Cartels vs. libertyEmergencyFree people vs. police stateLocal economyPanic 2020Persecutions

County sues Ed’s Supply over masks, in fight with empty gun, dirty hands

Josh Sanders and a supplier rep give away breakfast sausages and show samples at a display table at Ed’s Supply, a prosperous Chattanooga-based air conditioner parts distributorship run by Mr. Sanders and his dad, Ernie, with branches in several cities. (Photo Ed’s Supply on FB)

Hamilton County is suing a local company for its refusal to obey a county “directive’ ordering people in public to wear muzzles on their chins. 

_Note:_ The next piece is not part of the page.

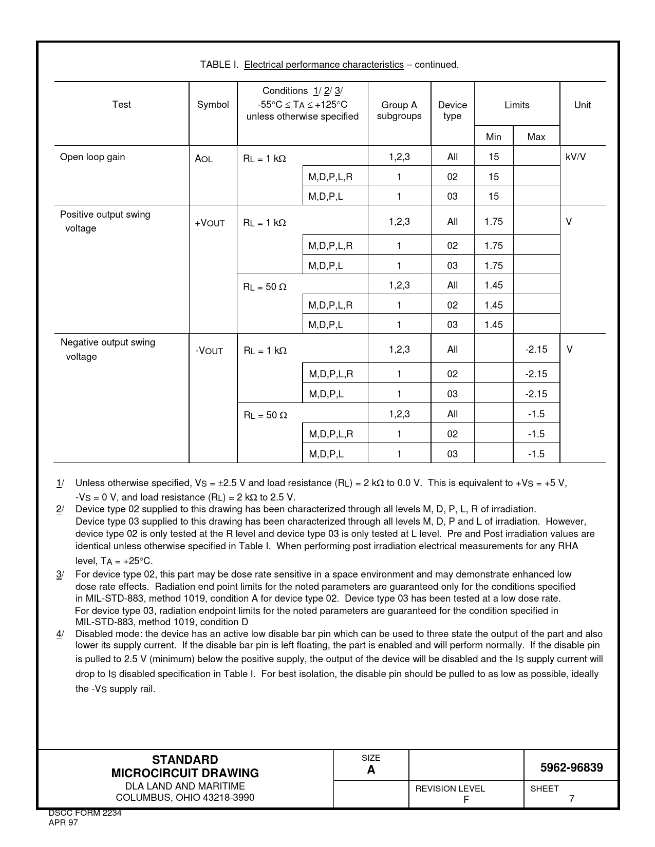 TABLE I. Electrical performance characteristics – continued. Conditions 1/ 2/ 3/ Test Symbol -55C TA +125C Group A Device Limits Unit unless otherwise specified subgroups type Min Max Open loop gain AOL RL = 1 k 1,2,3 All 15 kV/V M,D,P,L,R 1 02 15 M,D,P,L 1 03 15 Positive output swing +VOUT RL = 1 k 1,2,3 All 1.75 V voltage M,D,P,L,R 1 02 1.75 M,D,P,L 1 03 1.75 RL = 50 1,2,3 All 1.45 M,D,P,L,R 1 02 1.45 M,D,P,L 1 03 1.45 Negative output swing -VOUT RL = 1 k 1,2,3 All -2.15 V voltage M,D,P,L,R 1 02 -2.15 M,D,P,L 1 03 -2.15 RL = 50 1,2,3 All -1.5 M,D,P,L,R 1 02 -1.5 M,D,P,L 1 03 -1.5 1/ Unless otherwise specified, VS = 2.5 V and load resistance (RL) = 2 k to 0.0 V. This is equivalent to +VS = +5 V, -VS = 0 V, and load resistance (RL) = 2 k to 2.5 V. 2/ Device type 02 supplied to this drawing has been characterized through all levels M, D, P, L, R of irradiation. Device type 03 supplied to this drawing has been characterized through all levels M, D, P and L of irradiation. However, device type 02 is only tested at the R level and device type 03 is only tested at L level. Pre and Post irradiation values are identical unless otherwise specified in Table I. When performing post irradiation electrical measurements for any RHA level, TA = +25C. 3/ For device type 02, this part may be dose rate sensitive in a space environment and may demonstrate enhanced low dose rate effects. Radiation end point limits for the noted parameters are guaranteed only for the conditions specified in MIL-STD-883, method 1019, condition A for device type 02. Device type 03 has been tested at a low dose rate. For device type 03, radiation endpoint limits for the noted parameters are guaranteed for the condition specified in MIL-STD-883, method 1019, condition D 4/ Disabled mode: the device has an active low disable bar pin which can be used to three state the output of the part and also lower its supply current. If the disable bar pin is left floating, the part is enabled and will perform normally. If the disable pin is pulled to 2.5 V (minimum) below the positive supply, the output of the device will be disabled and the IS supply current will drop to IS disabled specification in Table I. For best isolation, the disable pin should be pulled to as low as possible, ideally the -VS supply rail. STANDARD SIZE 5962-96839MICROCIRCUIT DRAWINGA DLA LAND AND MARITIME REVISION LEVEL SHEET COLUMBUS, OHIO 43218-3990 F 7 DSCC FORM 2234 APR 97

By David Tulis / NoogaRadio 92.7 FM

The suit with health department plaintiffs Dr. Paul Hendricks and Becky Barnes targets Ernie Sanders in Ed’s Supply Co. on the presumed grounds that there is a lawfully declared epidemic and on the presumed grounds that the company falls under the department’s properly evoked police powers. 

The filing demands the business be closed if its owners don’t enforce the chin diaper mandate of July 10.

The authority for the lawsuit is presumed, but not actual, and it fails to state a claim upon which relief may be granted. Neither state government nor the department have obeyed state law with legal groundwork for claims such as these made Tuesday in Hamilton County chancery court. No power exists in the health law for Dr. Hendricks to issue directives.

The lawsuit comes in violation of the bedrock clean hands doctrine that forbids a malefactor from claiming protection and justice from a court.

Suit sees ‘dreaded’ disease 

The six-page petition recounts the story of CV-19 much as the press has done, focusing on effects of the virus, not its origins and cause.

Since January, 2020, these United States of America have experienced the introduction and spread of COVID- 19, which is a highly -contagious and deadly pandemic that has claimed the lives of in excess of one hundred eighty thousand ( 180,000) individuals, to date, and in excess of one thousand six hundred and nine ( 1, 609) lives within the State of Tennessee. The presence of said dreaded virus has caused the President of these United States, the governors of every state herein, including the Governor of the State of Tennessee, to issue states of emergency, declarations, and orders that have altered the way of life for their respective citizens in conducting of what was thought of as “normal” personal, family, and business affairs, including requiring and/or recommending social -distancing ( for individuals to maintain a distance of no less than six (6) feet from other individuals), the frequent washing of hands, and the wearing of facial coverings ( masks) to prevent the transmittal of said virus among the general populace. (emphasis added)

The department of health lists the condition “Coronavirus disease (COVID‐19)  caused  by SARS-CoV‐2  (positive by any method)” on its 2020 reported disease list. https://www.tn.gov/content/dam/tn/health/documents/reportable-diseases/2020_List_For_Healthcare_Providers.pdf

The suit produces a copy of a complaint log filed by “anonymous” July 17 and hand-written forms filled out indicating calls and visits by county staffers seeking to enforce the mask rule. “Majority of customers and employees not wearing masks in establishment,” one report says. “Went over directive with Josh Sanders,” the owner’s son and the manager. The documents are administrative, and not sworn. 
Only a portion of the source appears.